━━━━━ Data provided ━━━━━

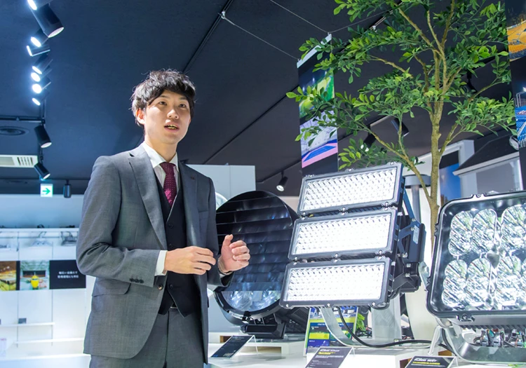 新卒で精算機メーカーに就職しました。ホテルのフロントに設置し、チェックイン・アウト時に使用する精算機の営業をしていました。合わせてホテルコンサルもやっていて、内装を提案するときに照明には関わっていました。新規事業拡大で誘われた2社目を経て再度転職を考えた時、ウェブで調べて岩崎電気を知りました。それまで知っていた照明とは違うその汎用性の高さから、照明の可能性に惹かれて入社を決めました。
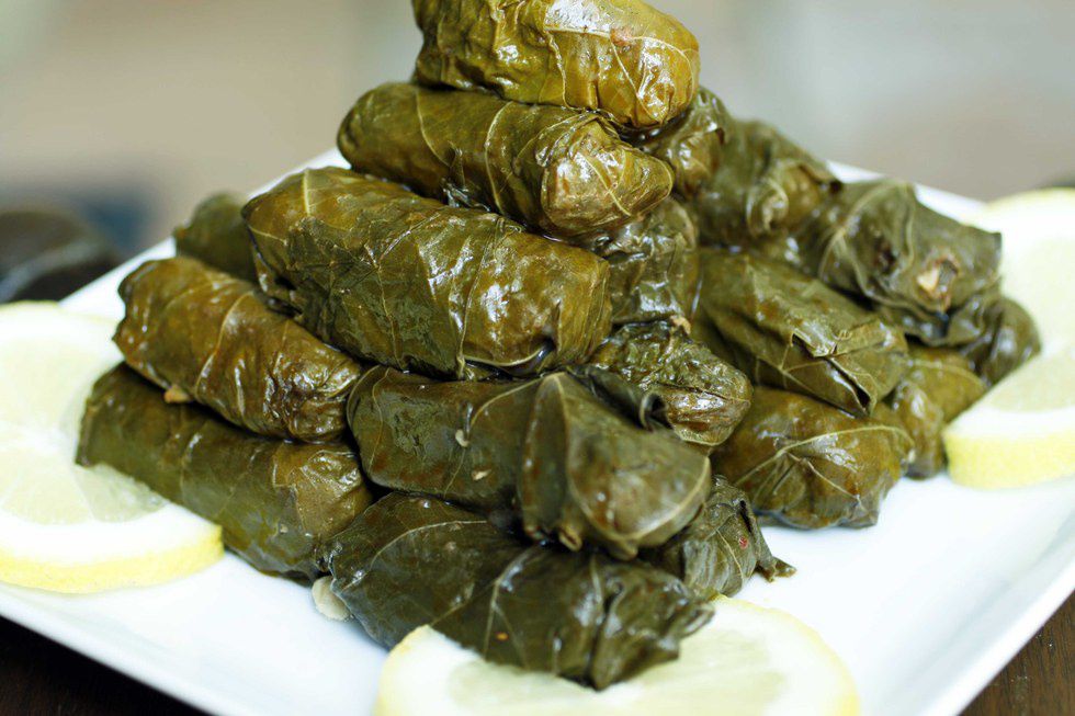 Grapes leaves also look a bit frightening however they are amazing if made right...especially if they are home made. It is rice and meat wrapped in grape leaves. So. Good. Also healthy.
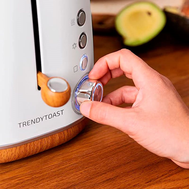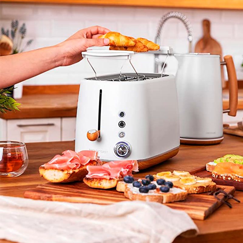 No es lo mismo una tostada que una BUENA tostada. ¡Prepara tostadas deliciosas con este tostador TrendyToast 9000 White Woody de la marca Cecotec! Se trata de un tostador de 900W con 2 ranuras extra grandes perfectas para todo tipo de panes. Dispone de 6 niveles diferentes para tostar el pan. ¡Eso no es todo! Además, tiene 3 modos preconfigurados que te harán la tarea más fácil: podrás recalentar, descongelar y controlar el tostado manualmente. ¿Necesitas calentar alimentos más grandes como croissants o napolitanas? ¡Ahora puedes hacerlo! Incluye unas varillas superiores para un perfecto efecto horno. Consigue ahora este práctico tostador y prepara deliciosas tostadas en casa.
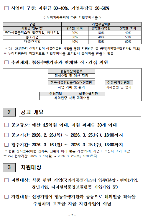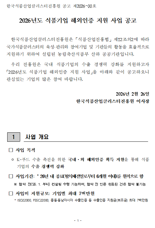 [한국경영연구소] [식품진흥원] 2026년 식품기업 해외인증 지원사업 공고(2차) 안내
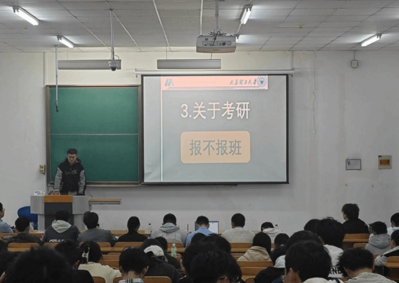 随后,张昊哲围绕“考研时间安排”、“院校选择”、“考研报班”等困扰大多数同学的问题进行分享。对于考研的时间安排,他建议同学们制定科学合理的备考计划,明确各阶段学习目标,提高学习效率;针对“考研报班”问题,他认为需结合自身学习基础、自律能力等因素综合考量,若自学能力较强、能合理规划学习进度,可选择自学,若存在学习方向不明确、自律性较差等问题,报班则能提供更系统的指导与帮助,但仍需有自己的计划和安排。
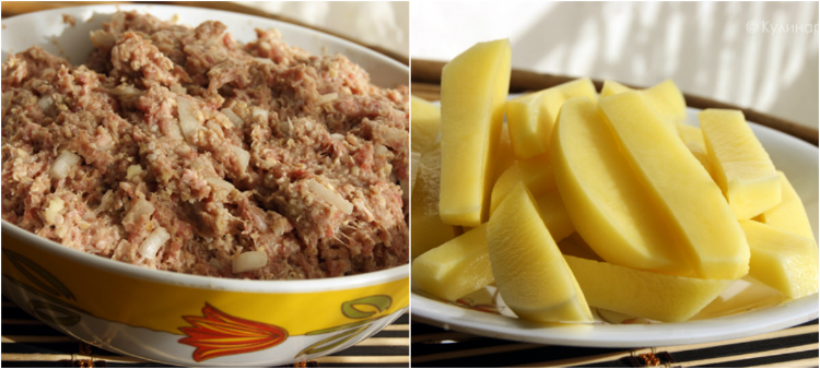 1.  Do miski wlej mleko, następnie dodaj jajka oraz płatki owsiane, całość bardzo dokładnie połącz ze sobą. Do drugiej miski przełóż mielone mięso, po czym dodaj drobno posiekany czosnek oraz cebulę, całość przypraw szczypta soli, pieprzu, po czym dodaj wcześniej przygotowane płatki owsiane. Tak przygotowane składniki połącz ze sobą. Umyte oraz obrane ziemniaki, pokrój na cienkie słupki.

━━━━━

_Task prompt_
Without any of the pictures, set the entries down again exactly as written.

_Your solution_
 新卒で精算機メーカーに就職しました。ホテルのフロントに設置し、チェックイン・アウト時に使用する精算機の営業をしていました。合わせてホテルコンサルもやっていて、内装を提案するときに照明には関わっていました。新規事業拡大で誘われた2社目を経て再度転職を考えた時、ウェブで調べて岩崎電気を知りました。それまで知っていた照明とは違うその汎用性の高さから、照明の可能性に惹かれて入社を決めました。
 Grapes leaves also look a bit frightening however they are amazing if made right...especially if they are home made. It is rice and meat wrapped in grape leaves. So. Good. Also healthy.
 No es lo mismo una tostada que una BUENA tostada. ¡Prepara tostadas deliciosas con este tostador TrendyToast 9000 White Woody de la marca Cecotec! Se trata de un tostador de 900W con 2 ranuras extra grandes perfectas para todo tipo de panes. Dispone de 6 niveles diferentes para tostar el pan. ¡Eso no es todo! Además, tiene 3 modos preconfigurados que te harán la tarea más fácil: podrás recalentar, descongelar y controlar el tostado manualmente. ¿Necesitas calentar alimentos más grandes como croissants o napolitanas? ¡Ahora puedes hacerlo! Incluye unas varillas superiores para un perfecto efecto horno. Consigue ahora este práctico tostador y prepara deliciosas tostadas en casa.
 [한국경영연구소] [식품진흥원] 2026년 식품기업 해외인증 지원사업 공고(2차) 안내
 随后,张昊哲围绕“考研时间安排”、“院校选择”、“考研报班”等困扰大多数同学的问题进行分享。对于考研的时间安排,他建议同学们制定科学合理的备考计划,明确各阶段学习目标,提高学习效率;针对“考研报班”问题,他认为需结合自身学习基础、自律能力等因素综合考量,若自学能力较强、能合理规划学习进度,可选择自学,若存在学习方向不明确、自律性较差等问题,报班则能提供更系统的指导与帮助,但仍需有自己的计划和安排。
 1.  Do miski wlej mleko, następnie dodaj jajka oraz płatki owsiane, całość bardzo dokładnie połącz ze sobą. Do drugiej miski przełóż mielone mięso, po czym dodaj drobno posiekany czosnek oraz cebulę, całość przypraw szczypta soli, pieprzu, po czym dodaj wcześniej przygotowane płatki owsiane. Tak przygotowane składniki połącz ze sobą. Umyte oraz obrane ziemniaki, pokrój na cienkie słupki.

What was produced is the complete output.